Determining the sampling rate
The most reliable way to identify the sampling rate for any audio that the service returns is to extract the information from the audio stream itself. To determine the rate, call the /v1/synthesize
method with some simple text
(for example, "hello world") and specify the format and codec that you plan to use. You can then obtain the sampling rate by saving the audio stream to a file and opening it in an audio player such as one of those listed in
Playing an audio file.
Supported audio formats
Table 1 lists the audio formats in which you can request synthesized audio. By default, the service returns the audio in the Ogg format with the Opus codec (audio/ogg;codecs=opus
).
The Ogg audio format is not supported with the Safari browser.
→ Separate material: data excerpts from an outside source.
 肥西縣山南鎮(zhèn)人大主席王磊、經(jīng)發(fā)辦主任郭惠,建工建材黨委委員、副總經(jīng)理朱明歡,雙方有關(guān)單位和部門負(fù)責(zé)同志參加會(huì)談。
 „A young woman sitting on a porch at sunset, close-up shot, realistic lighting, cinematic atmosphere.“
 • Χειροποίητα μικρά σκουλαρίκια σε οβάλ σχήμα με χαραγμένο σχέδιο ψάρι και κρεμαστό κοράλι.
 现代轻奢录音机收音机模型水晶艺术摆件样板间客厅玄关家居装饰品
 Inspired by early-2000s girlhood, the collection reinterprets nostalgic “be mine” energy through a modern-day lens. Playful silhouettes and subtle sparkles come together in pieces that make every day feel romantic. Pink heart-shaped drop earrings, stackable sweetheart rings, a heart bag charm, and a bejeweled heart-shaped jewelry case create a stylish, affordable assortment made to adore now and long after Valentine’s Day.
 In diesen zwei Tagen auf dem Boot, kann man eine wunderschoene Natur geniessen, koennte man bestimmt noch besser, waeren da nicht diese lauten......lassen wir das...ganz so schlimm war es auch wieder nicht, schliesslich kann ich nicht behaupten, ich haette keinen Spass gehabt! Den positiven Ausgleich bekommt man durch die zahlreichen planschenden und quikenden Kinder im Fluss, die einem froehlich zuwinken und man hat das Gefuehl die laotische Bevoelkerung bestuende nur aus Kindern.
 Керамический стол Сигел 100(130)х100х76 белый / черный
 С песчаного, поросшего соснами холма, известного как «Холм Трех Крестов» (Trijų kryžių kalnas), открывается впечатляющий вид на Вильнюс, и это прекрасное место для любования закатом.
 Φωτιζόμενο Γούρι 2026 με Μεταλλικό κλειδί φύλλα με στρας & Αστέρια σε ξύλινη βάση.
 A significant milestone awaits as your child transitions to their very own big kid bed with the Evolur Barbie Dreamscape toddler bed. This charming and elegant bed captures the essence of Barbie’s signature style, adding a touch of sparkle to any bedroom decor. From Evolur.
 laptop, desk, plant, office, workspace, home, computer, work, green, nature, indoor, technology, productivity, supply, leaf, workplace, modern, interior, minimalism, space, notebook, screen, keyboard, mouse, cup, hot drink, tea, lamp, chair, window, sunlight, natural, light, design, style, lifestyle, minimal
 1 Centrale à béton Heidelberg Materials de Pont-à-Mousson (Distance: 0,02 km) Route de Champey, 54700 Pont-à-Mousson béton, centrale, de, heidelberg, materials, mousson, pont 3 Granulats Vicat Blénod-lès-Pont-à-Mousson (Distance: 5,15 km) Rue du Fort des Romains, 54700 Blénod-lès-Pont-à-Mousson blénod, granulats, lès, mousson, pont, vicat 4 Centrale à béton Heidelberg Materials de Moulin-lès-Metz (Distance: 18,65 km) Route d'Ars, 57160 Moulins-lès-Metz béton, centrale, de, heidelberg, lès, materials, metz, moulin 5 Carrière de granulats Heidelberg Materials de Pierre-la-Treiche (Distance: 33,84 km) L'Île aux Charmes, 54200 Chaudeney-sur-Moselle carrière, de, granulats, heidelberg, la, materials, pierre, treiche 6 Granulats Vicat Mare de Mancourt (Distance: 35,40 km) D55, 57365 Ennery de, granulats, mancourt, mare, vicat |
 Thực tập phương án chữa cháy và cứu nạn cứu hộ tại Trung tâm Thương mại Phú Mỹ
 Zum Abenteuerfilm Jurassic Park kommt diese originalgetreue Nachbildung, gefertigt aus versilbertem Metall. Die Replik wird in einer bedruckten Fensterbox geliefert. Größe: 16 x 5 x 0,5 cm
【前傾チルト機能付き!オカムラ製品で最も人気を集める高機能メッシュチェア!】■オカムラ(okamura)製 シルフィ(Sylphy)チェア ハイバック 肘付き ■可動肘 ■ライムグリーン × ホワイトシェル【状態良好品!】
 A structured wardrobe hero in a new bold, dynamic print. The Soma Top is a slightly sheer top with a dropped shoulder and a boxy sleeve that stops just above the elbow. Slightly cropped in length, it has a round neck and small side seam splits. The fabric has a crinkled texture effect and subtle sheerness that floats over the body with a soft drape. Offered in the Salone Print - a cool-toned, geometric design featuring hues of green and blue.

If you are using the the Text to Speech service with the Safari browser, you must specify a different format in which you want the service to return the audio. For more information, see Specifying an audio format.
The service provides the following information for each format:
- Default sampling rate shows the sampling rate for audio in the indicated format if you do not specify an alternative rate.
- Required parameters indicates those formats for which you must specify a sampling rate for the returned audio.
- Optional parameters identifies formats for which you can optionally specify a sampling rate or other characteristics of the returned audio.
As shown in the Audio formats column for those formats that accept a codecs
parameter, you separate all parameters of the format specification with a ;
(semicolon). For more information about the different
formats, see the sections that follow the table.
Audio formats | Default sampling rate | Required parameters | Optional parameters |
---|---|---|---|
audio/alaw | None | rate={integer} |
None |
audio/basic | 8000 Hz | None | None |
audio/flac | 22,050 Hz | None | rate={integer} |
audio/l16 | None | rate={integer} |
endianness=big-endian endianness=little-endian |
audio/mp3 audio/mpeg |
22,050 Hz | None | rate={integer} |
audio/mulaw | None | rate={integer} |
None |
audio/ogg audio/ogg;codecs=vorbis |
22,050 Hz | None | rate={integer} |
audio/ogg;codecs=opus | 48,000 Hz | None | rate={integer} |
audio/wav | 22,050 Hz | None | rate={integer} |
audio/webm audio/webm;codecs=opus |
48,000 Hz | None | None |
audio/webm;codecs=vorbis | 22,050 Hz | None | rate={integer} |
audio/alaw format
A-law (audio/alaw
) is a single-channel, lossy audio format that is encoded by using u-law (or mu-law) data that is similar to the audio/basic
and audio/mulaw
formats, though the A-law algorithm
produces different signal characteristics. You must specify the sampling rate with this format. For example, specify audio/alaw;rate=8000
for audio that is sampled at 8 kHz.
Due to the streaming nature of the returned audio, the A-law audio that is generated might not work in all audio players. Specifically, the attribute numSamples
in the header of the audio stream is set to 0
regardless
of the length of the audio.
For more information, see A-law algorithm.
audio/basic format
Basic audio is a single-channel, lossy audio format that is encoded by using 8-bit u-law (or mu-law) data that is sampled at 8 kHz. This format provides a lowest-common denominator media type. Audio in this format always has a sampling rate of 8 kHz.
For more information, see
- Internet Engineering Task Force (IETF) Request for Comment (RFC) 2046
- iana.org/assignments/media-types/audio/basic
audio/flac format
Free Lossless Audio Codec (FLAC) (.flac
) is a lossless compressed audio coding format. You can optionally specify a sampling rate other than the default 22,050 Hz.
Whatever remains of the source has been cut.